*** Opening of Data segment ***

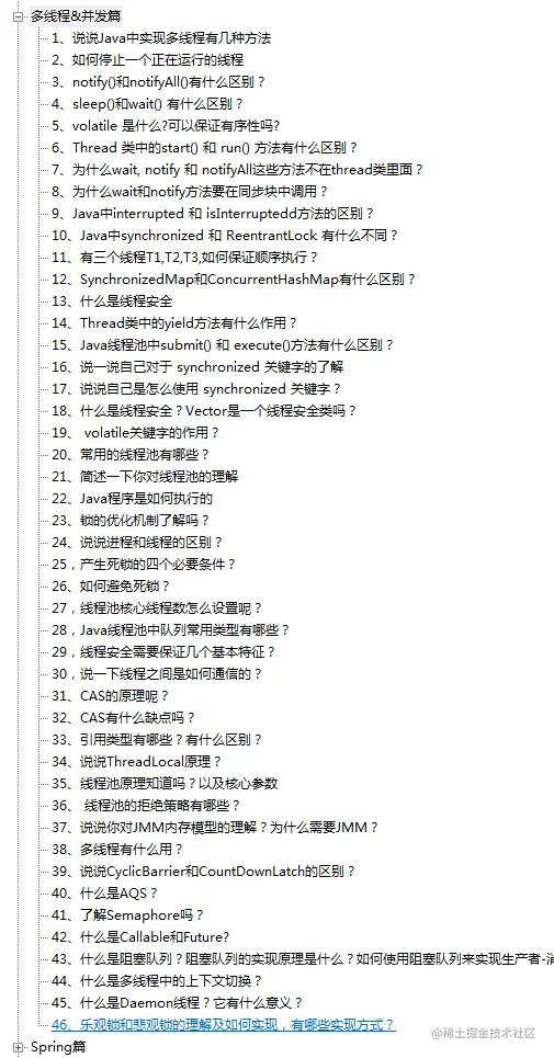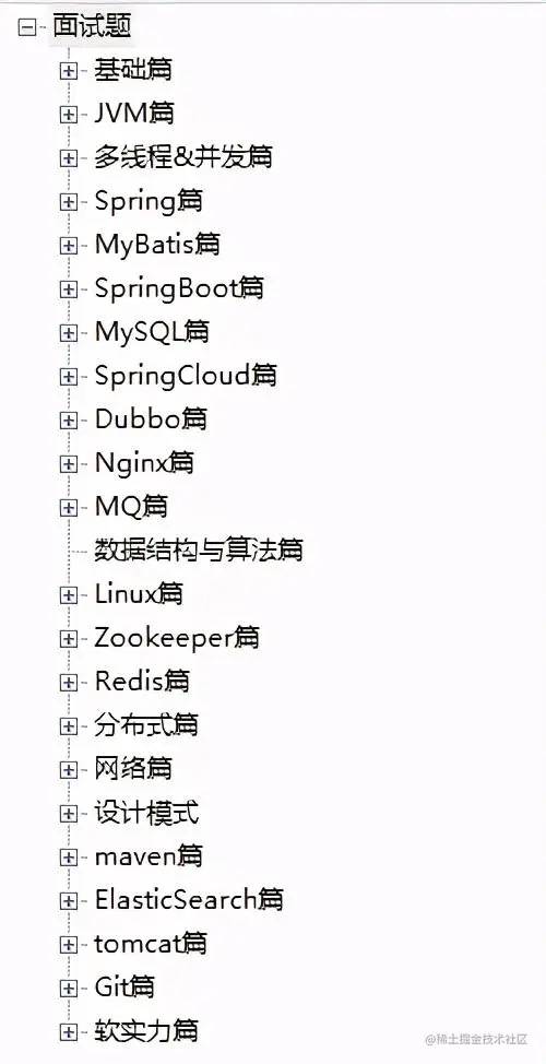 小编分享的这份Java面试复习体系总结包含了:基础篇、JVM篇、多线程&并发篇、Spring篇、MyBatis篇、SpringBoot篇、MySQL篇、SpringCloud篇、Dubbo篇、Nginx篇、MQ篇、数据结构与算法篇、Linux篇、Zookeeper篇、Redis篇、分布式篇、网络篇、设计模式、maven篇、ElasticSearch篇、tomcat篇、Git篇、软实力篇等等,23个篇章和大公司最爱问的500多道Java面试题,是小编在各个大厂总结出来的面试真题,已经有很多粉丝靠这份PDF拿下众多大厂的offer,今天在这里总结分享给到大家**+XXX_WWW666666获取**小编这篇分享篇幅可能有点长,观看的朋友可以先了解一下目录
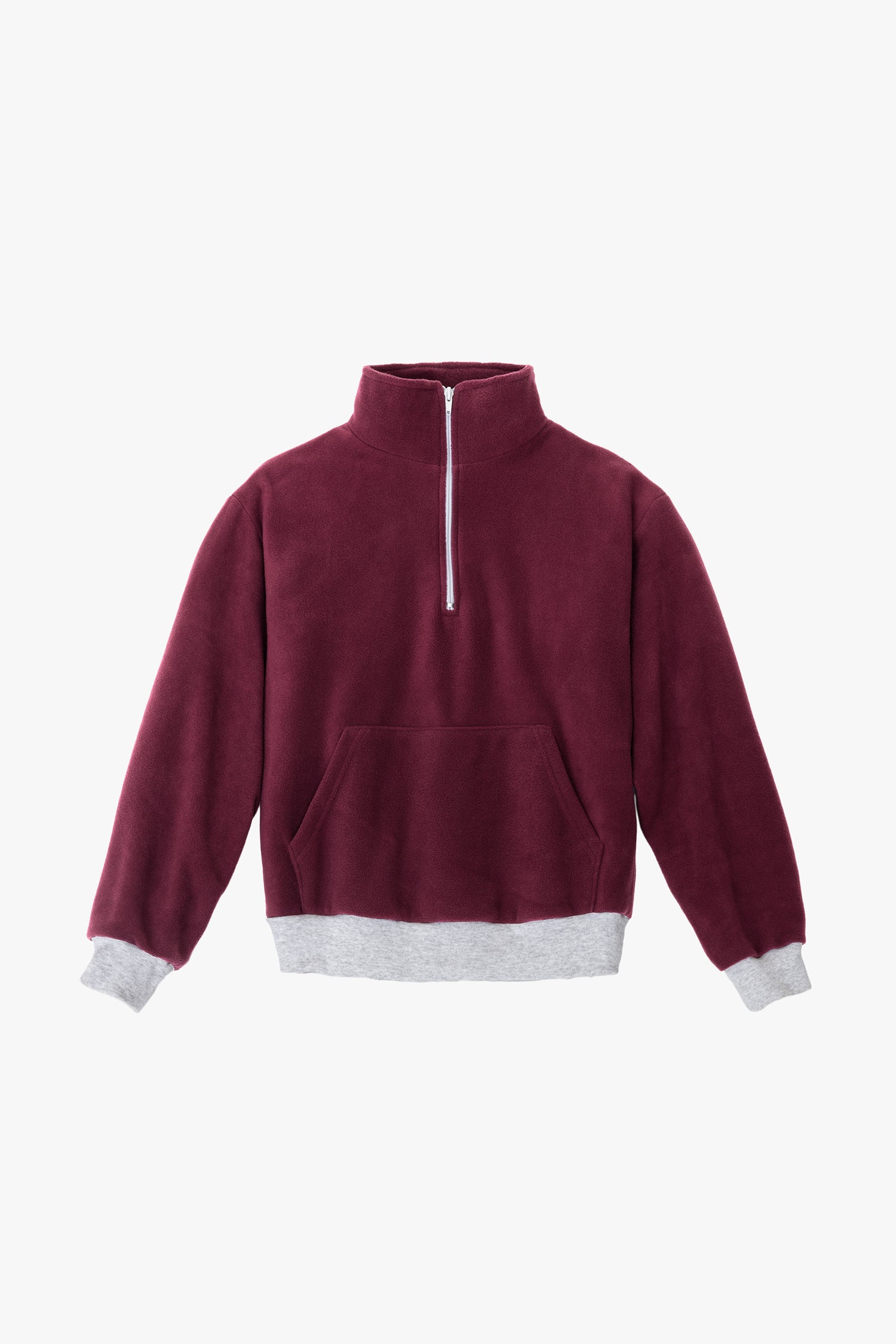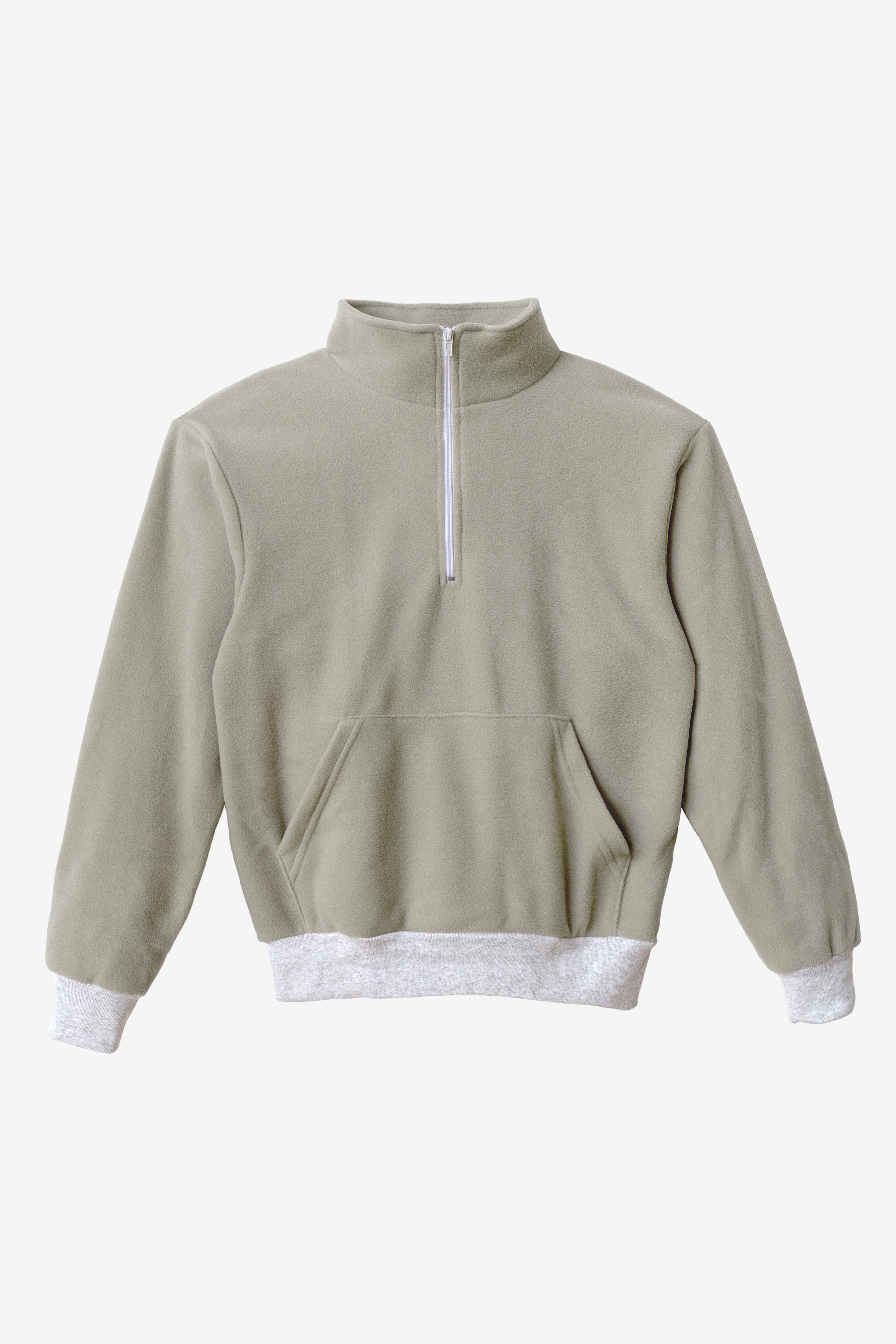 Introducing the Polar Fleece Half Zip. This unisex pullover features contrasting Ash rib around the cuffs and waistbands that pairs perfectly with our Heavy Fleece styles, a kangaroo front pocket, and this style can be worn zipped up or down. Casual and functional with a generous fit to the body and arms. Perfect for layering with our turtlenecks and sweatpants.
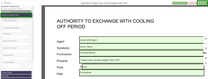 - The panel on the left provides all available fields, such as Vendor Signature, Date Signed, Text Box, Strike-through, and Tick Box.

*** Close of Data segment ***

[Task]:
Wherever a picture appears, omit it; copy the rest of the data exactly.

[Response to this task]:
 小编分享的这份Java面试复习体系总结包含了:基础篇、JVM篇、多线程&并发篇、Spring篇、MyBatis篇、SpringBoot篇、MySQL篇、SpringCloud篇、Dubbo篇、Nginx篇、MQ篇、数据结构与算法篇、Linux篇、Zookeeper篇、Redis篇、分布式篇、网络篇、设计模式、maven篇、ElasticSearch篇、tomcat篇、Git篇、软实力篇等等,23个篇章和大公司最爱问的500多道Java面试题,是小编在各个大厂总结出来的面试真题,已经有很多粉丝靠这份PDF拿下众多大厂的offer,今天在这里总结分享给到大家**+XXX_WWW666666获取**小编这篇分享篇幅可能有点长,观看的朋友可以先了解一下目录
 Introducing the Polar Fleece Half Zip. This unisex pullover features contrasting Ash rib around the cuffs and waistbands that pairs perfectly with our Heavy Fleece styles, a kangaroo front pocket, and this style can be worn zipped up or down. Casual and functional with a generous fit to the body and arms. Perfect for layering with our turtlenecks and sweatpants.
 - The panel on the left provides all available fields, such as Vendor Signature, Date Signed, Text Box, Strike-through, and Tick Box.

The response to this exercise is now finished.